Confounding adjustment in observational studies on cardiothoracic interventions: a systematic review of methodological practice

Eur J Cardiothorac Surg. 2023 Oct 4;64(4):ezad271. doi: 10.1093/ejcts/ezad271.

Abstract

Objectives: It is unknown which confounding adjustment methods are currently used in the field of cardiothoracic surgery and whether these are appropriately applied. The aim of this study was to systematically evaluate the quality of conduct and reporting of confounding adjustment methods in observational studies on cardiothoracic interventions.

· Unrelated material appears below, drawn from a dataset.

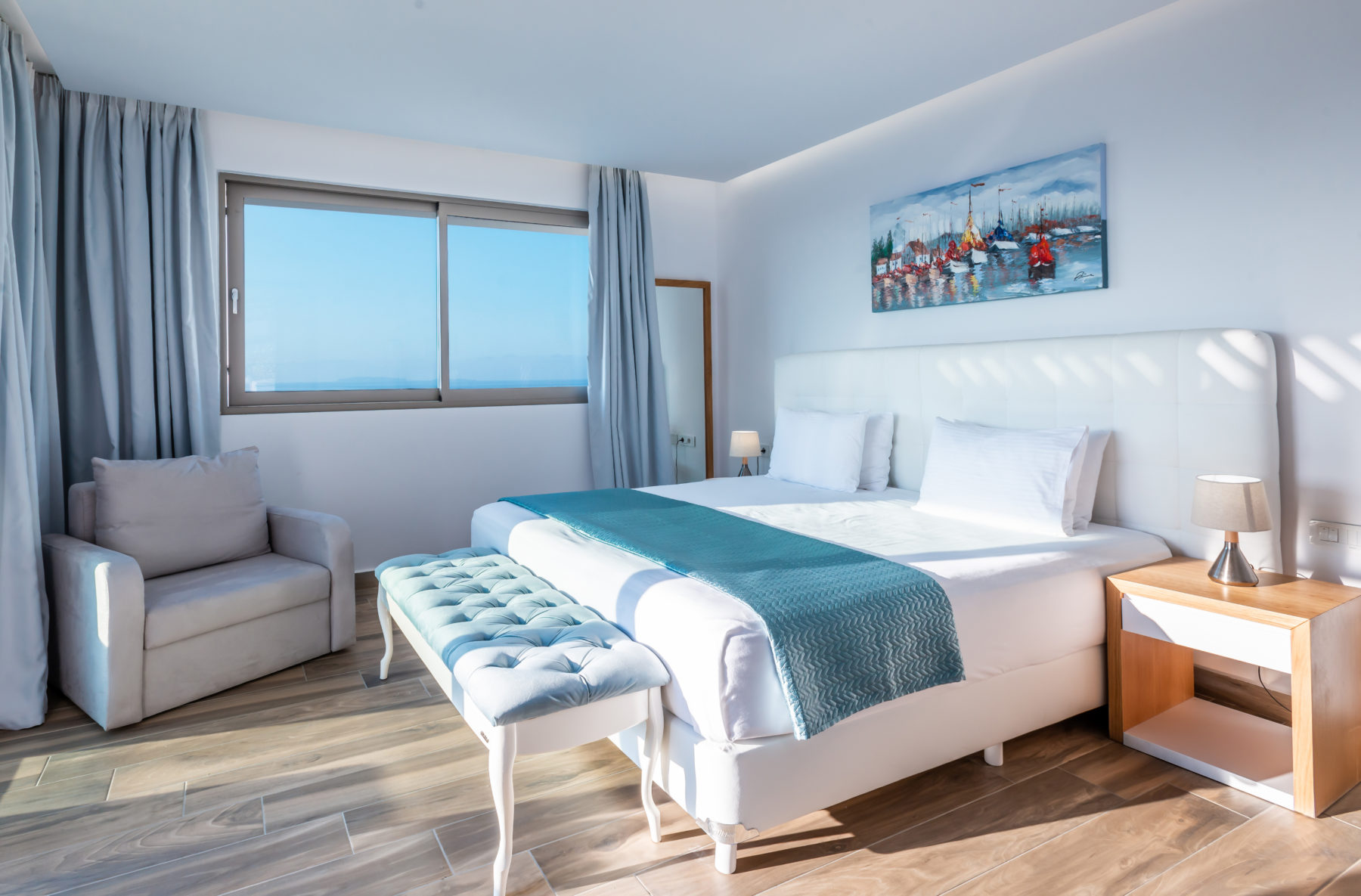 Με ξύλινα έπιπλα, ζεστά φυσικά χρώματα και μοντέρνα διακοσμητικά αντικείμενα, τα δωμάτια και οι σουίτες είναι άνετα και έξυπνα, με αίσθηση χώρου και φωτός, εξοπλισμένα πλήρως με όλες τις ανέσεις και εγκαταστάσεις ενός πολυτελούς ξενοδοχείου 5 αστέρων στην Κω . Τα ψηλά παράθυρα και οι ευάερες λευκές κουρτίνες εξασφαλίζουν τη φωτεινότητα των δωματίων, ενώ οι βεράντες όλων των πολυτελών δωματίων και σουιτών είναι το αληθινό κόσμημα, με εκπληκτική θέα.

Methods: A systematic review was performed, which included all observational studies that compared different interventions and were published between 1 January and 1 July 2022, in 3 European and American cardiothoracic surgery journals. Detailed information on confounding adjustment methods was extracted and subsequently described.

Results: Ninety-two articles were included in the analysis. Outcome regression (n = 49, 53%) and propensity score (PS) matching (n = 44, 48%) were most popular (sometimes used in combination), whereas 11 (12%) studies applied no method at all. The way of selecting confounders was not reported in 42 (46%) of the studies, solely based on previous literature or clinical knowledge in 14 (16%), and (partly) data-driven in 25 (27%). For the studies that applied PS matching, the matched cohorts comprised on average 46% of the entire study population (range 9-82%).

Conclusions: Current reporting of confounding adjustment methods is insufficient in a large part of observational studies on cardiothoracic interventions, which makes quality judgement difficult. Appropriate application of confounding adjustment methods is crucial for causal inference on optimal treatment strategies for clinical practice. Reporting on these methods is an important aspect of this, which can be improved.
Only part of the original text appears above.